Once you’ve contributed the maximum to your 401(k), it’s time to think about opening an Individual Retirement Account (IRA). For 2025, the maximum contribution to an IRA is $7,000. An IRA can be a great way to save money for retirement while benefiting from tax advantages. There are two main types of IRAs: Roth and Traditional. Which one is right for you depends on your current tax situation and how you think your tax situation will change in the future.

Pay Off Your Mortgage

Eliminating major expenses, like your mortgage, can make a huge difference in your retirement plans. Once your mortgage is paid off, you’ll have more money to put toward your retirement savings. If you get a windfall, such as a tax refund or bonus, consider using it to pay down your mortgage faster. The sooner you eliminate this expense, the more money you’ll have for other savings.

Consider Lower-Cost Living

If possible, consider moving to an area with a lower cost of living. A few years ago, the author of this article moved from New York City to Charlotte, North Carolina, and saved a lot of money. Even if moving to a different city isn’t an option, consider relocating to more affordable neighbourhoods to free up more money for retirement.

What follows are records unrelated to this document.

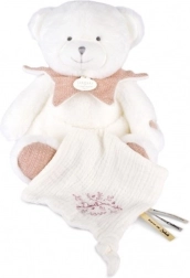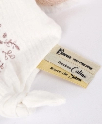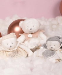 Das Design wird durch eine feine Doudou-Stickerei und satinierte Bändchen mit liebevollen französischen Botschaften veredelt, die dem Set einen eleganten und liebevollen Charakter verleihen. Der Bär hat ein rosa Herzchen auf der Pfote, einen Kragen am Hals und superweiche Pfötchen – ein tolles Geschenk für Neugeborene.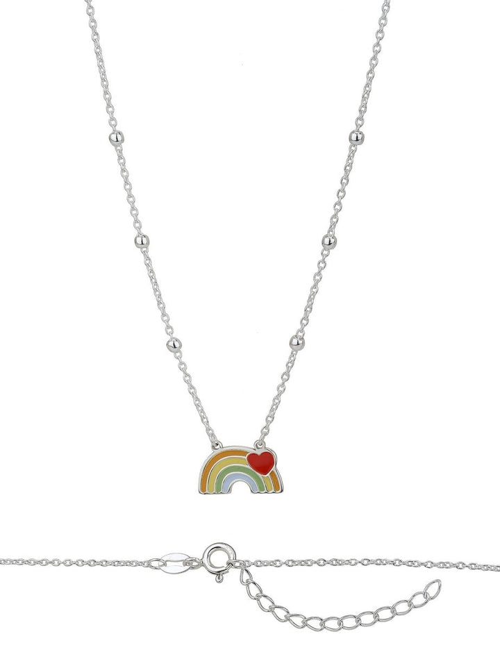 Regenbogen mit Herz Halskette Anker 34-38 cm Kinder Schmuck mit Emaille Regenbogen Farben Grösse verstellbar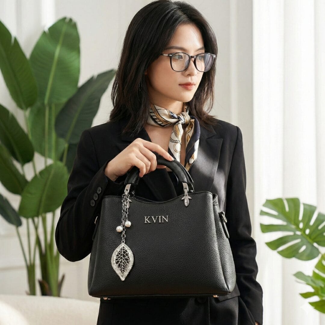 Wear it your way. The sturdy dual top handles offer a polished hand-carry look, while the detachable, adjustable shoulder strap allows for comfortable crossbody wear on busier days. Plus, the signature KVIN mini-charm attached to the handle serves as a stylish and practical spot for your keys, coins, or earbuds.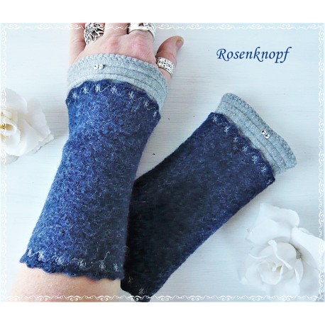 Schlichte Walkstulpen/Pulswärmer die aus hochwertigem Walk in Indigoblau genäht wurden.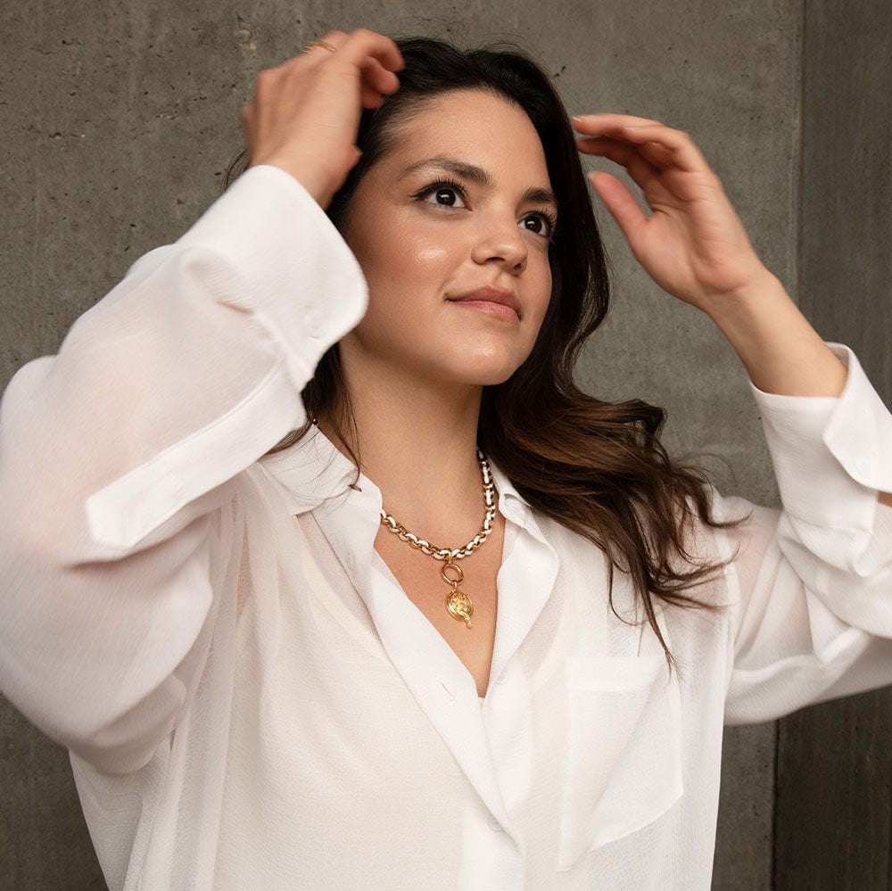 Handcrafted in 14K yellow gold vermeil, featuring a large charm collector design.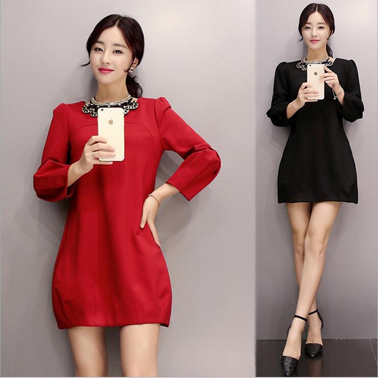 歐洲站2015秋季歐美新款時(shí)尚優(yōu)雅彈力修身腰燈籠裙直筒百搭連衣裙 /

Use Health Savings Accounts (HSAs)

Healthcare can be one of the largest expenses in retirement, so investing in your health now can save you money later. Consider contributing to a Health Savings Account (HSA) or a Flexible Spending Account (FSA) if your employer offers one. These accounts allow you to save money for medical expenses and reduce your taxable income.

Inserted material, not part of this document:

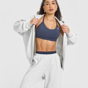 Mid Weight Zip Through Hoodie Light Grey Marl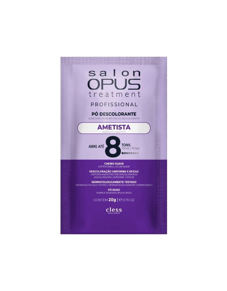NOVA FÓRMULA COM ÁCIDO HIALURÔNICO Care Liss Pó Descolorante Ametista contribui para a neutralização de tons amarelados, abertura de até 8 tons* proporcionando clareamento uniforme. Sua fórmula contém Ácido Hialurônico que auxilia a manter a integridade da fibra capilar no processo de descoloração, mantendo os cabelos bonitos e saudáveis. *A abertura de tons varia de acordo com a pigmentação natural, estrutura e porosidade dos fios. *Para um resultado eficaz, realize o preparo com Care Liss Água Oxigenada 20, 30 ou 40 volumes. CONTRIBUI PARA NEUTRALIZAÇÃO DE TONS AMARELADOS DESCOLORAÇÃO UNIFORME E EFICAZ DERMATOLOGICAMENTE TESTADO PÓ ROXO INGREDIENTES: SODIUM SILICATE/SILICATO DE SÓDIO, TALC/TALCO, AMMONIUM PERSULFATE/PERSULFATO DE AMÔNIO, POTASSIUM PERSULFATE/PERSULFATO DE POTÁSSIO, HYDRATED SILICA/SÍLICA COLOIDAL HIDRATADA, HYDROXYETHYLCELLULOSE/HIETELOSE, XANTHAN GUM /GOMA XANTANA, CI77007/CORANTE AZUL CI77007, DOLOMITE/DOLOMITA, MAGNESIUM CARBONATE/CARBONATO DE MAGNÉSIO, AQUA/ÁGUA, TETRASODIUM EDTA/EDETATO TETRASSÓDICO, AMETHYST POWDER/AMETISTA EM PÓ, SODIUM HYALURONATE/HIALURONATO DE SÓDIO. MODO USO COMO USAR: SIGA RIGOROSAMENTE AS INSTRUÇÕES DE USO E FAÇA O TESTE DE TOQUE E DE MECHA ANTES DE APLICAR O PRODUTO. Despeje o Pó Descolorante Care Liss em um recipiente não metálico e adicione aos poucos a Água Oxigenada Care Liss. Para 1 medida de Pó Descolorante Care Liss, utilize 2 medidas de Água Oxigenada Care Liss. Misture com uma espátula não metálica até formar um creme homogêneo e aplique sobre os cabelos secos. Deixe agir de 10 a 45 minutos no máximo, de acordo com o grau de clareamento desejado, estrutura, porosidade e cor base do cabelo. Caso necessário, reaplique o produto até obter o grau de clareamento desejado, de acordo com a saúde dos fios. Não se exponha ao sol durante a aplicação. Enxágue com água morna e lave os cabelos com shampoo e condicionador para a remoção total do produto. Recomendações de volumagem: 20 volumes - clareia de 2 a 3 tons. 30 volumes - clareia 3 a 5 tons. 40 volumes - clareia de 6 a 8 tons. PROVA DE TOQUE: Prepare um pouco de produto e aplique no antebraço ou atrás da orelha e deixe agir pelo tempo de ação indicado. Lave o local. Após 24 horas, caso surjam sintomas de enjoos, irritações, ardência ou vermelhidão no local aplicado ou

Worrying about whether Social Security will be available when you retire is understandable, but it shouldn’t be your only focus. While it’s likely that Social Security will continue, it may not be enough to cover your living expenses in retirement. This is why it’s important to take control of your financial future and start saving now. Even if you can only contribute small amounts at first, the earlier you start, the better. Review your options, take advantage of employer-sponsored retirement plans, open an IRA, and work toward paying off major expenses like your mortgage. If you make these steps a priority, you’ll be better prepared for a comfortable retirement, regardless of what happens with Social Security.